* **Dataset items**
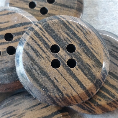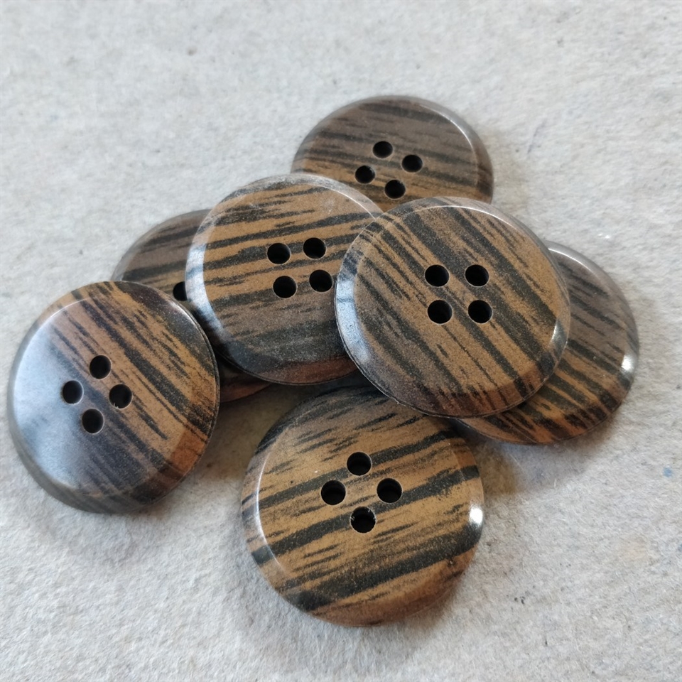 Disse knapper er fremstillet i Tyskland og udformet med en overbevisende brun-sort træfinish, hvilket gør dem til et ideelt valg for enhver, der værdsætter det klassiske trælook, men ønsker et mere holdbart materiale.
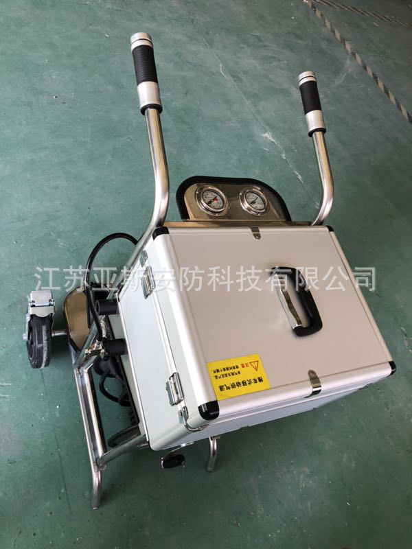 3、移动气源配有30米供气管1根,10米供气管2根,最大迭加长度为50米。30米管上配有Y型三通一只,可以供2个人员同时使用移动气源的压缩空气。
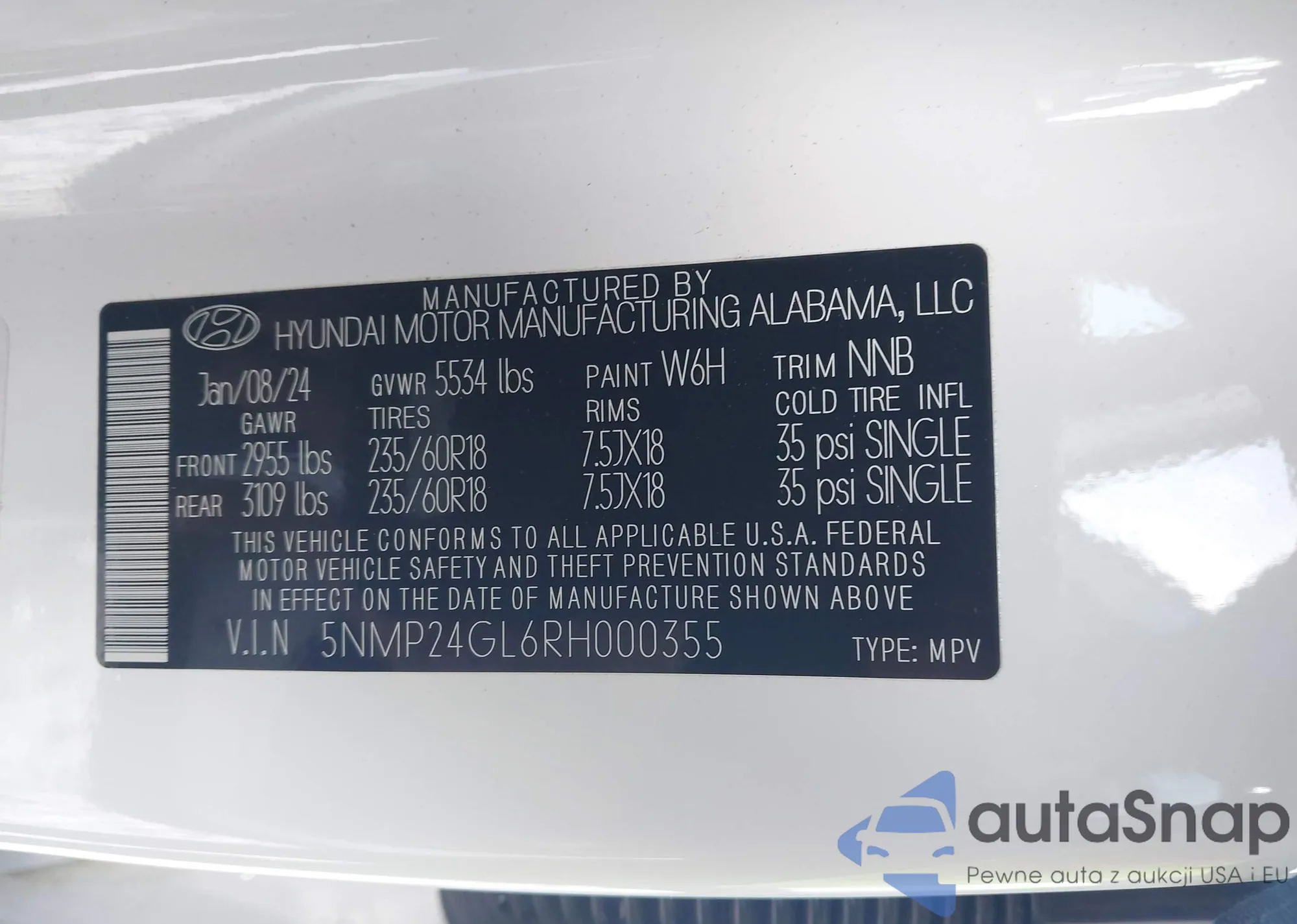 LOT: 43818287 VIN: 5NMP24GL6RH000355
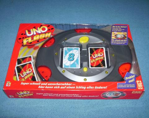 UNO ist neben Scrabble der 2. Klassiker im Programm von Mattel, diese Variante wird mit elektronischer Spielhilfe gespielt. Spielziel ist wie immer, die eigenen Karten als erster loszuwerden. Zu Spielbeginn wird festgelegt, wie schnell gespielt wird. Das Gerät bestimmt nach dem Zufallsspiel, wer gerade dran ist, Innen-Lichter zählen die Zeit herunter, bis der Spielzug abgelaufen ist. Wer seinen Zug verpasst, kann keine Karte ablegen und muss zwei Strafkarten nehmen. Wer die Hau Drauf Karte spielt, muss statt seiner Spielertaste die Hau drauf – Taste drücken, alle anderen müssen schnellstmöglich ihre eigene Spielertaste drücken – der Letzte muss 2 Karten nehmen.
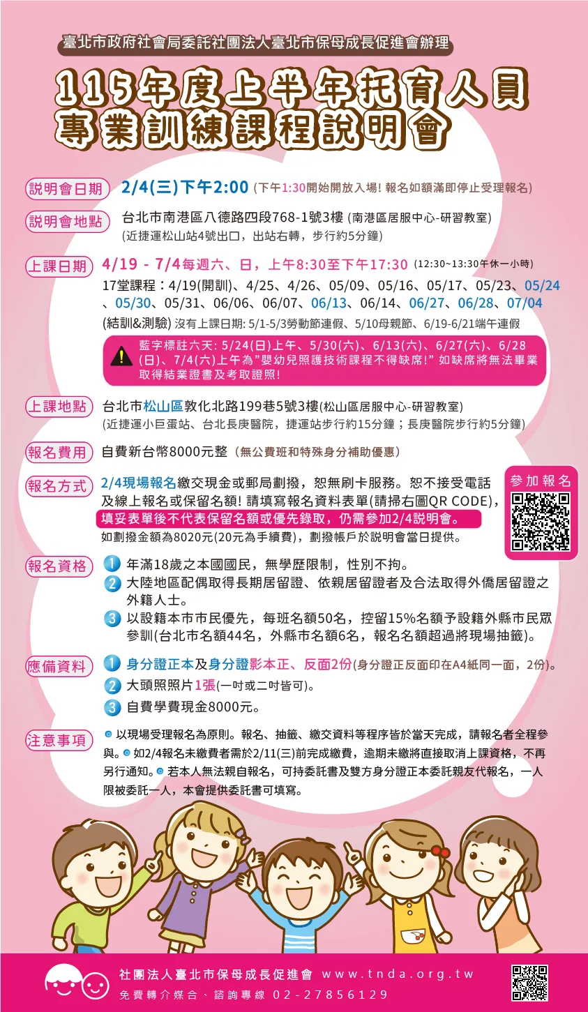 課程資訊👉115年度上半年臺北市托育人員(保母)專業訓練課程說明會
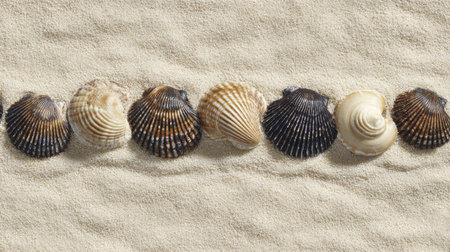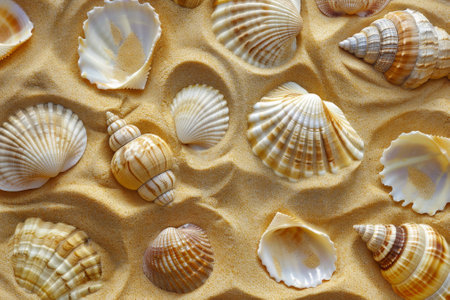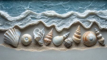 A captivating display of various seashells arranged beautifully on soft sandy beach, capturing the essence of summer and the ocean's natural artistry.
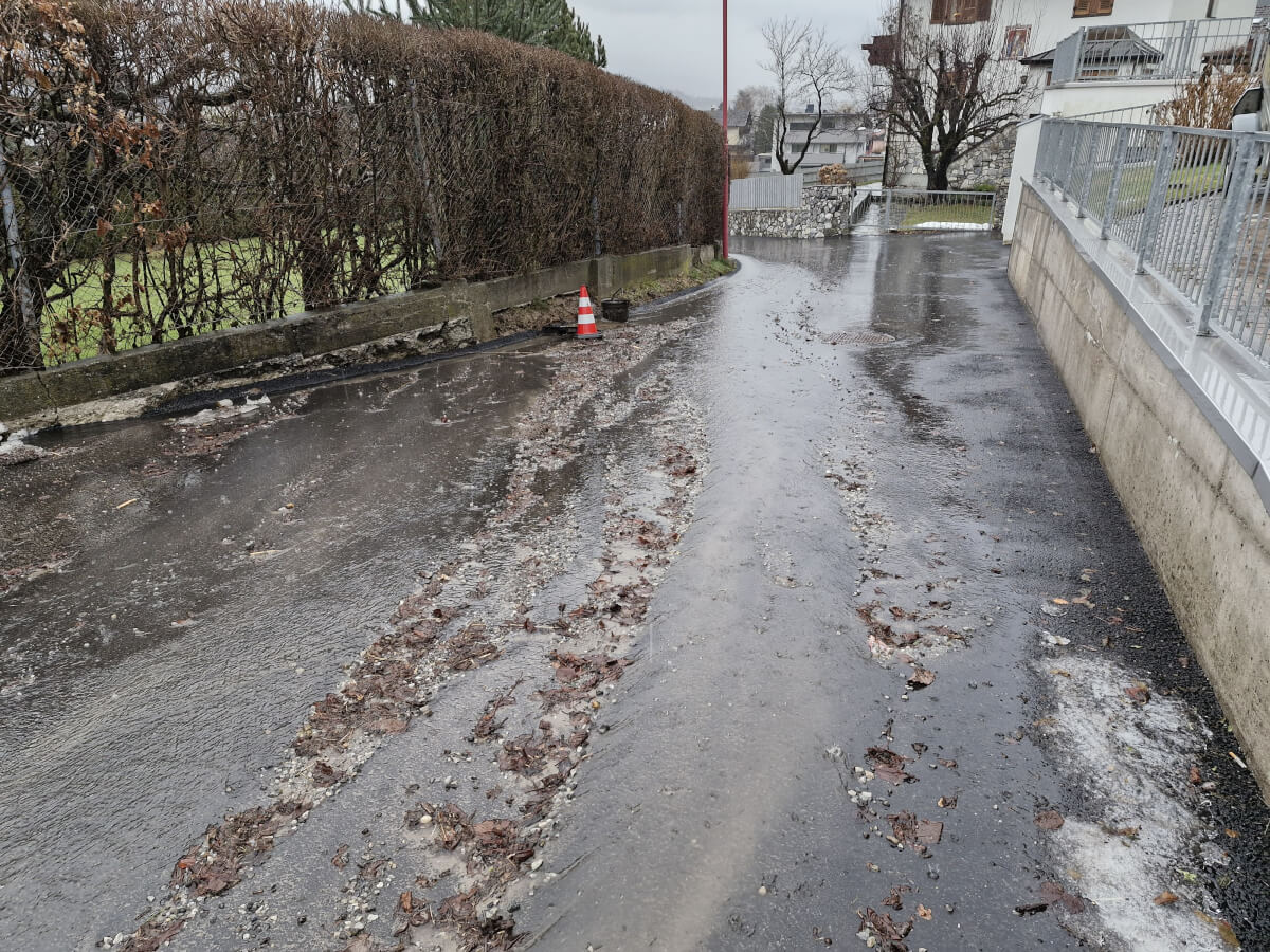 Von einem Hang, dessen Boden noch gefroren war, konnte der Regen nicht absickern und floss direkt auf ein Wohnhaus zu.
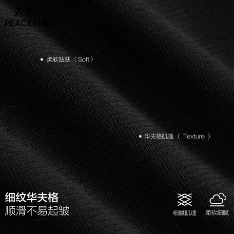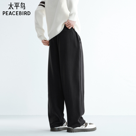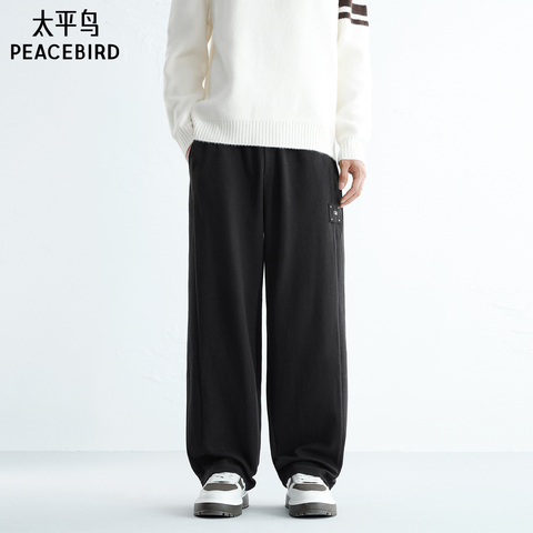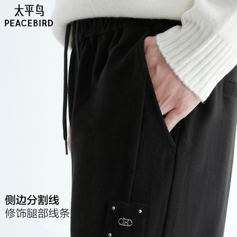 太平鸟男装华夫格卫裤阔腿质感直筒休闲裤黑色宽松运动裤男生裤潮
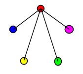 赤と青と黄色と緑と紫の5枚の折り紙が1枚ずつあります。
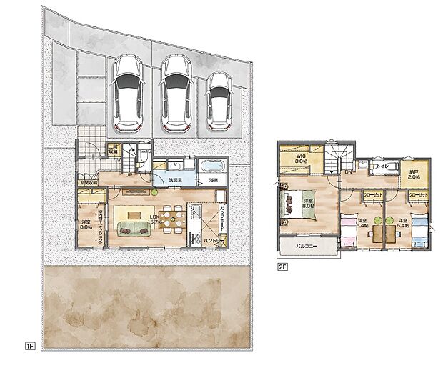 - 「建築条件付き土地」の「建物プラン例」は、土地購入者の設計プランの一例であり、プランの採用可否は任意です。
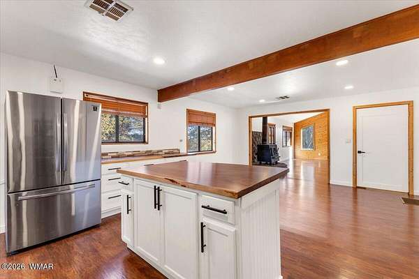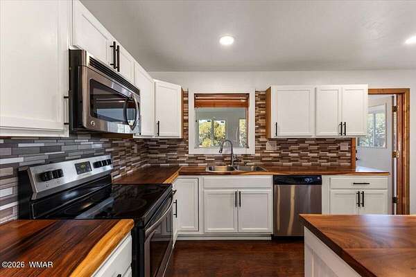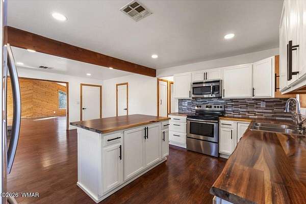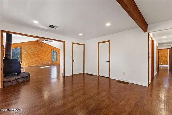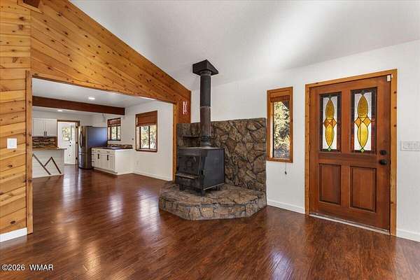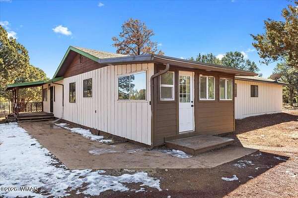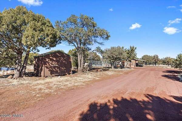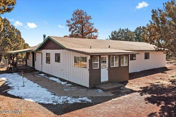 This spacious 3-bedroom home is located among mature cedar trees and offers privacy along with great potential for both indoor and outdoor gatherings. Situated on 3.16 acres at the end of a cul-de-sac, the property features a cindered driveway leading up to the home. Inside, the home offers a large primary bedroom and a spacious living room, both featuring tongue-and-groove herringbone accent walls. Updates include replacement flooring, a kitchen backsplash, updated interior doors, and a laundry room. The property also includes a barn area with horse accommodations, an additional utility building with power, and a separate storage shed. With usable acreage, privacy, and multiple outbuildings, this property offers flexibility for a variety of uses.

* **Directions**
What you return must match the lines from the top of the data through the line with "LOT: 43818287 VIN: 5NMP24GL6RH000355" exactly, with the pictures removed.

* **Result of this task**
 Disse knapper er fremstillet i Tyskland og udformet med en overbevisende brun-sort træfinish, hvilket gør dem til et ideelt valg for enhver, der værdsætter det klassiske trælook, men ønsker et mere holdbart materiale.
 3、移动气源配有30米供气管1根,10米供气管2根,最大迭加长度为50米。30米管上配有Y型三通一只,可以供2个人员同时使用移动气源的压缩空气。
 LOT: 43818287 VIN: 5NMP24GL6RH000355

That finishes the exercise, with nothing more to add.